By David Both (Correspondent) May 11, 2020 | 2 Comments | %t min read
No one would really consider systemd to be a troubleshooting tool, but when
I encountered a problem on my webserver, my growing knowledge of systemd
and some of its features helped me locate and circumvent the problem.
The problem was that my server, yorktown, which provides name services,
DHCP, NTP, HTTPD, and SendMail email services for my home office network,
failed to start the Apache HTTPD daemon during normal startup. I had to
start it manually after I realized that it was not running. The problem
had been going on for some time, and I recently got around to trying to
fix it.
Some of you will say that systemd itself is the cause of this problem, and,
based on what I know now, I agree with you.

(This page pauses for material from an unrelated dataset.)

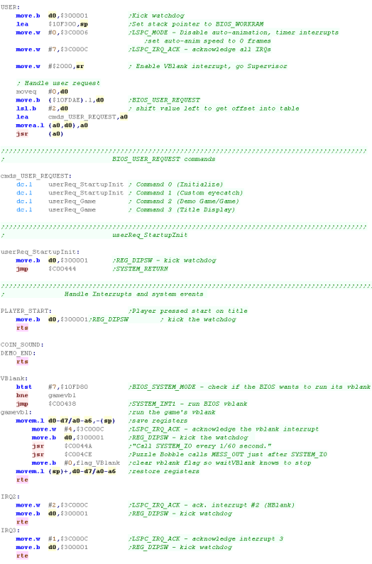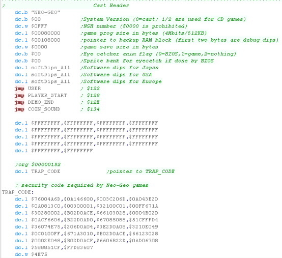 built on the NeoGeo... This is because of the way the hardware is designed, each 'module' (Graphics sound etc) has it's own physically independent rom files. The NeoGeo CD is different, it has ram that can be filled by our program, but it's slower as a result. |

However, I had similar types
of problems with SystemV. (In the first article in this series, I looked
at the controversy around systemd as a replacement for the old SystemV
init program and startup scripts. If you're interested in learning more
about systemd, read the second and third articles, too.) No software is
perfect, and neither systemd nor SystemV is an exception, but systemd
provides far more information for problem-solving than SystemV ever
offered.
Determining the problem
The first step to finding the source of this problem is to determine the
httpd service's status:
[root@yorktown ~]# systemctl status httpd
[root@yorktown ~]# systemctl status httpd
● httpd.service - The Apache HTTP Server
Loaded: loaded (/usr/lib/systemd/system/httpd.service; enabled; vendor
preset: disabled)
Active: failed (Result: exit-code) since Thu 2020-04-16 11:54:37 EDT;
15min ago
Docs: man:httpd.service(8)
Process: 1101 ExecStart=/usr/sbin/httpd $OPTIONS -DFOREGROUND
(code=exited, status=1/FAILURE)
Main PID: 1101 (code=exited, status=1/FAILURE)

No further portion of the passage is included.